To keep the book's focus on more fundamental design concepts, I have chosen not to discuss specific technologies, algorithms, or programming methodologies that may be popular at the moment, but that likely will change with each passing year, or perhaps even soon become obsolete. Thus, I do not cover here VoiceXML, SSML, and certain proprietary software packages currently in use; although important and popular today, these changing standards are less central for understanding the basic principles.
There are two principal audiences for this book:
After you've read this book, you will have a fundamental understanding of what goes into the design, production, testing and deployment of over-the-phone speech-recognition applications. You'll have learned design guidelines, tips, and techniques which help ensure that an application works well and that people enjoy using it. In as much as examples are often the best way to learn, you'll have seen how other designers have dealt with real-life issues to solve real business problems.
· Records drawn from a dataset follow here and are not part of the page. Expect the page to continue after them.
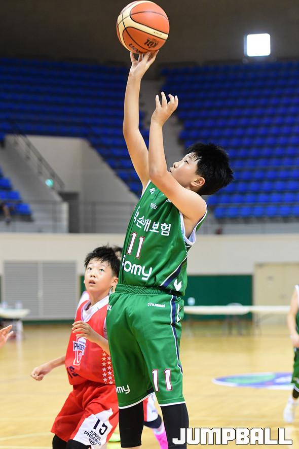 [점프볼=문경/박상혁 기자] 17일 경북 문경 국군체육부대 선승관에서 열린 '2019 KBL 유소년클럽 농구대회' 초등부 고학년 D조 DB와 모비스의 경기, DB 강현빈이 골밑슛을 시도하고 있다.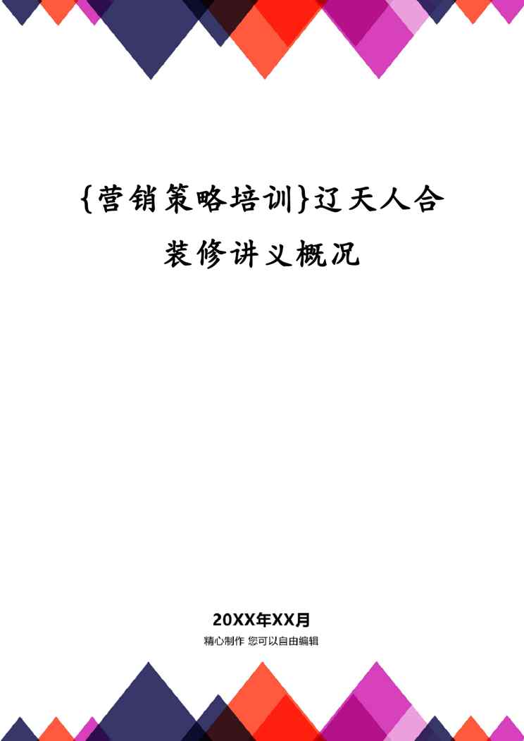 本站正式发布了《{营销策略培训}辽天人合装修讲义概况》文档,文档详细内容可下载阅读。 声明:本站所有文章,如无特殊说明或标注,均为本站原创发布。任何个人或组织,在未征得本站同意时,禁止复制、盗用、采集、发布本站内容到任何网站、书籍等各类媒体平台。如若本站内容侵犯了原著者的合法权益,可联系我们进行处理。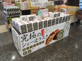 お土産販売エリアの売り場一画を総合的にプロデュース。 「究極のシュー皮ラスク」では関ドライブイン様のオリジナルデザインをご採用いただきました。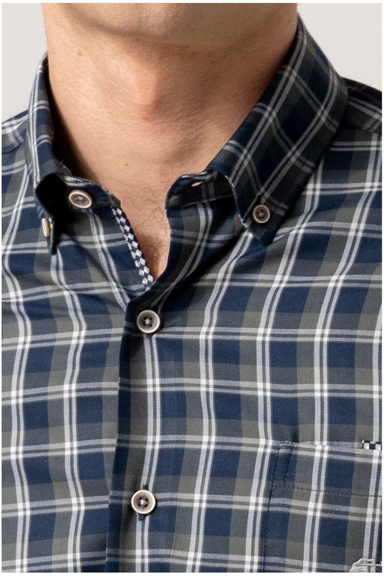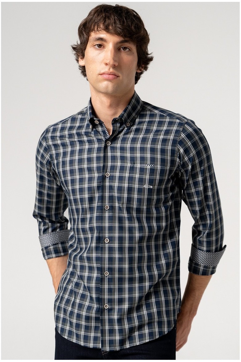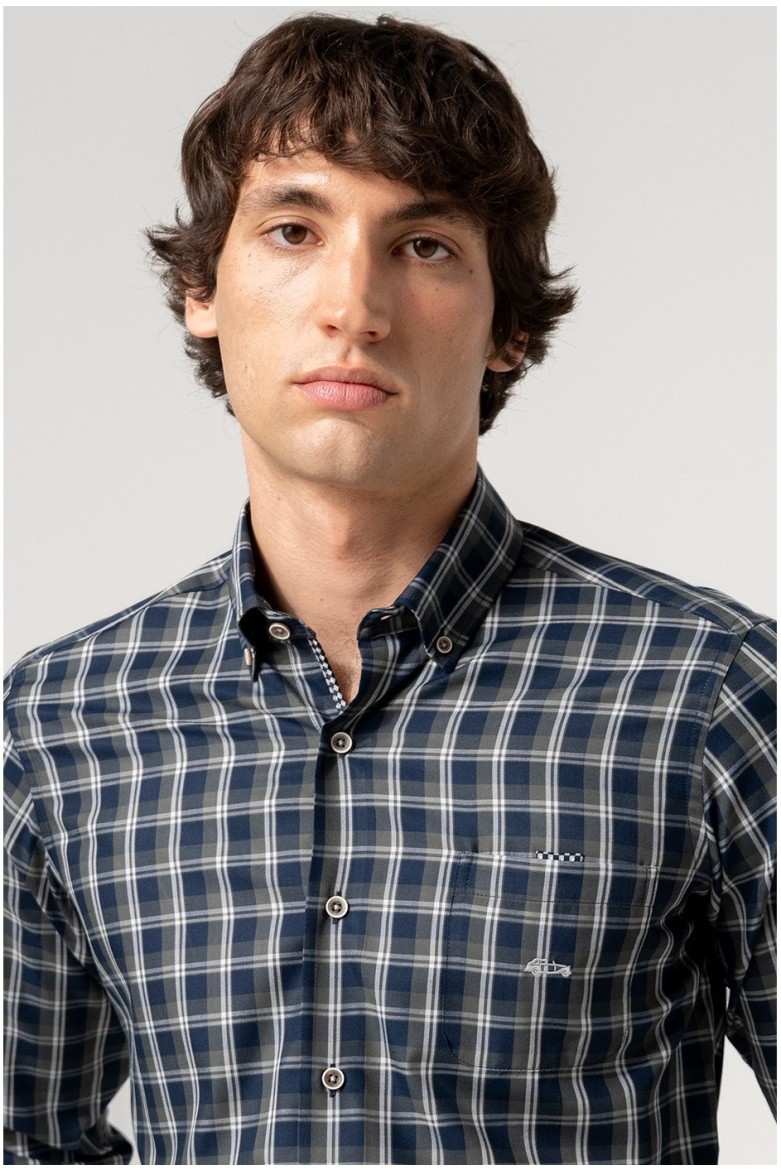 CAMISA CUADROS EN FONDO MARINO CON BOLSILLO

By addressing the main principles behind the creation of speech-recognition systems, I hope to have shown you the tight connection between the process of solving business problems using speech-recognition technology and the art of designing those systems.
No matter how immersed they become in the minutiae, designers of over-the-phone speech-recognition systems must never lose sight of one, over-arching goal: These systems are made to help people do what they have to do. It doesn't matter if it's mundane (home-banking) or flashy (entertainment/infotainment like a voice-portal), the goal is the same: to help people accomplish their tasks swiftly, easily, and unobtrusively.
Every designer should be guided by a philosophy. Having a philosophy gives a designer both a starting position and a compass to point the way—a compass to navigate through the plethora of decisions that must be made along the way. At the very least, having a philosophy enables a designer to answer the Why question at each point in the design process. Why am I writing this question? Why am I using a particular word here in a particular context? Why will this design solve the problem better than another design?
When I was about four years old, my mom taught me that if I was confused at all about whether or not to do something, I could simply think about the Golden Rule: "Do unto others as you would have them do unto you." Her point was to make sure that I considered other people's perspectives before I did something that might affect them. I've applied this rule both consciously and subconsciously throughout my life in a variety of situations.
When I was a teenager, I became driven by the idea that I should design things—at that point I wasn't sure just what things—that improved people's lives. Eventually, this winding road led me to become a speech-recognition system designer. And when I first approached problems and thought about how to develop the best solutions, I wandered back to the Golden Rule as a way to solve design problems on a variety of levels. I've found that this rule is especially applicable in the design of speech-recognition systems.
When designing a system, designers need to put themselves mentally in the place of the people calling into the system. If we can understand what it's like to be those people in their varying moods—happy, angry, confused, rushed, impatient—we can design a system to accommodate them. While empathizing is not always easy to do, we can often satisfy callers by understanding who they are and why they're calling and then decide on the most appropriate way to handle different callers and different situations. Some situations are easy to design for, others present problems that require more work to solve. In both cases knowledge of psychology will aid the designer more than knowledge of technology alone.